• [What the task asks] Repeat the listing exactly, minus the pictures.

• [Data below]
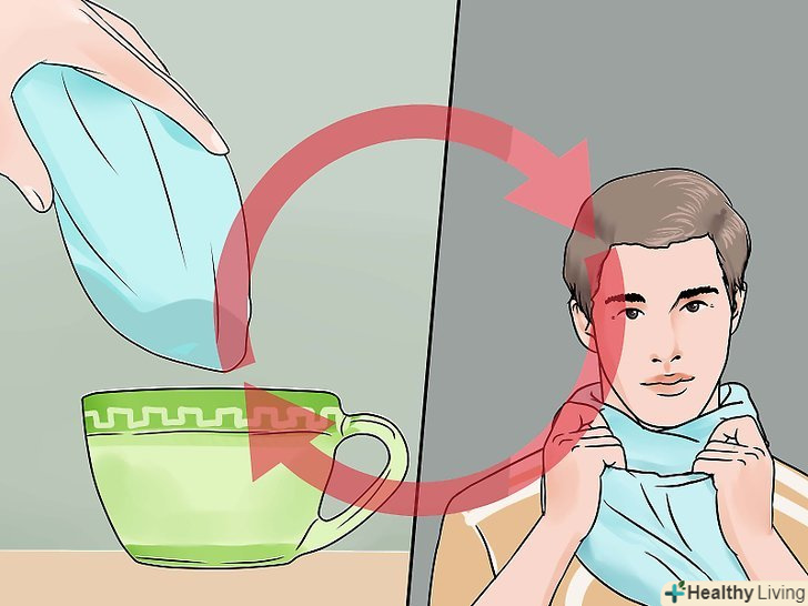 Оберніть теплий рушник навколо шиї і залиште його до тих пір, поки воно не охолоне.покладіть рушник на плечі, потім оберніть його навколо шиї немов шарф. Дихайте глибоко, щоб вдихати всі аромати трав. Як тільки рушник охолоне, зніміть його.[4]
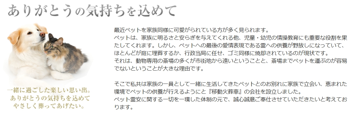 ジョイフルエーケーのペット専門店が行う訪問ペット葬儀として、移動火葬車でご自宅や指定場所へ伺い、個別火葬を心を込めて丁寧にお手伝いします。
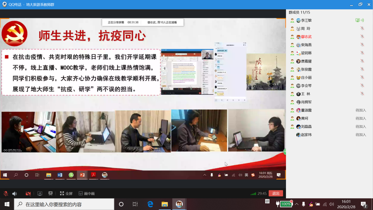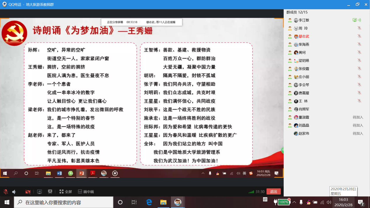 2020年2月28日下午,旅游管理系党支部以QQ电话会议的形式开展了以抗疫为主题的支部主题党日活动,旅游管理系党支部全体党员线上参加此次活动,支部外派挂职党员和群众教师线上列席此次活动。
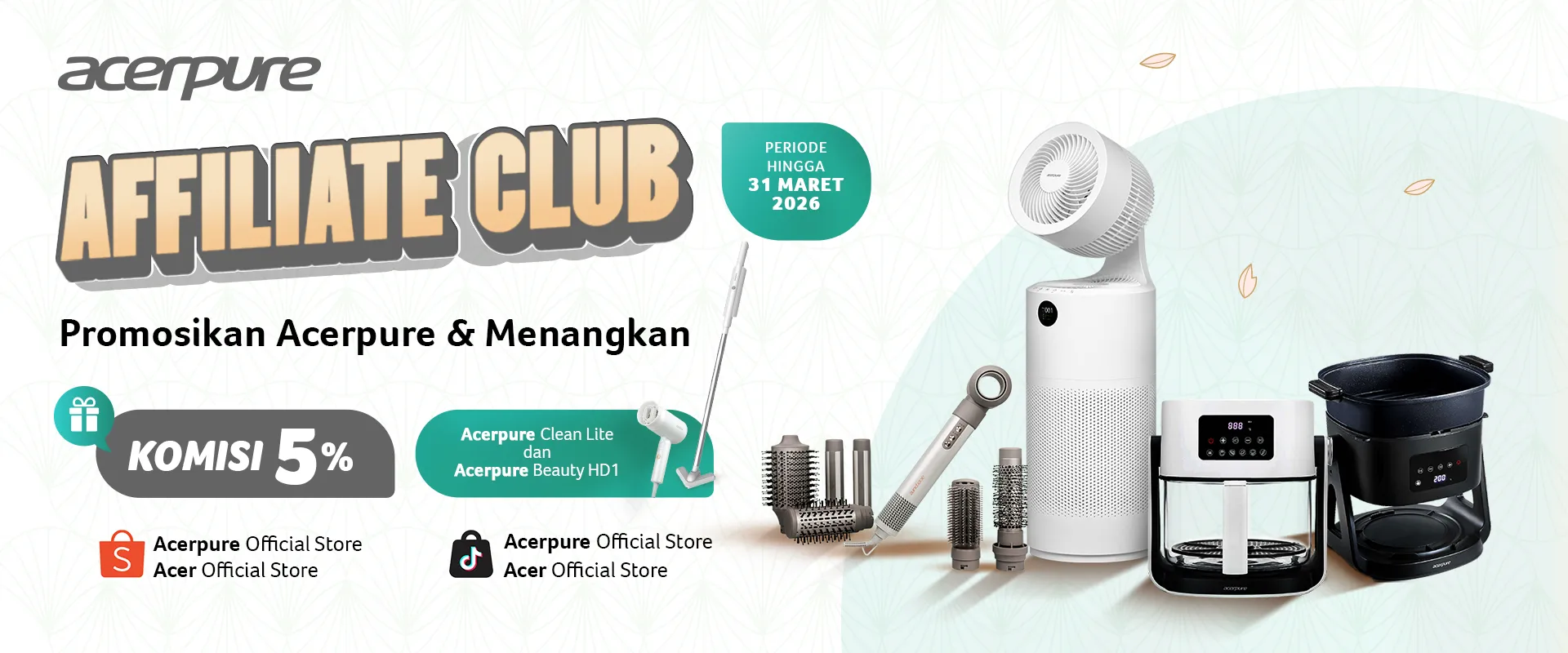 Ingin penghasilan tambahan dengan cara yang mudah dan tanpa modal? Bergabunglah dengan Acerpure Affiliate Club dan raih kesempatan cuan dari setiap produk Acerpure yang terjual di Shopee dan TikTok Shop. Siapa pun bisa ikut serta, baik content creator, pelanggan setia, maupun masyarakat umum. Cukup bagikan link produk dan dapatkan komisi dari setiap penjualan. Semakin banyak yang membeli melalui link kamu, semakin besar penghasilannya.

• [Task answer]
 Оберніть теплий рушник навколо шиї і залиште його до тих пір, поки воно не охолоне.покладіть рушник на плечі, потім оберніть його навколо шиї немов шарф. Дихайте глибоко, щоб вдихати всі аромати трав. Як тільки рушник охолоне, зніміть його.[4]
 ジョイフルエーケーのペット専門店が行う訪問ペット葬儀として、移動火葬車でご自宅や指定場所へ伺い、個別火葬を心を込めて丁寧にお手伝いします。
 2020年2月28日下午,旅游管理系党支部以QQ电话会议的形式开展了以抗疫为主题的支部主题党日活动,旅游管理系党支部全体党员线上参加此次活动,支部外派挂职党员和群众教师线上列席此次活动。
 Ingin penghasilan tambahan dengan cara yang mudah dan tanpa modal? Bergabunglah dengan Acerpure Affiliate Club dan raih kesempatan cuan dari setiap produk Acerpure yang terjual di Shopee dan TikTok Shop. Siapa pun bisa ikut serta, baik content creator, pelanggan setia, maupun masyarakat umum. Cukup bagikan link produk dan dapatkan komisi dari setiap penjualan. Semakin banyak yang membeli melalui link kamu, semakin besar penghasilannya.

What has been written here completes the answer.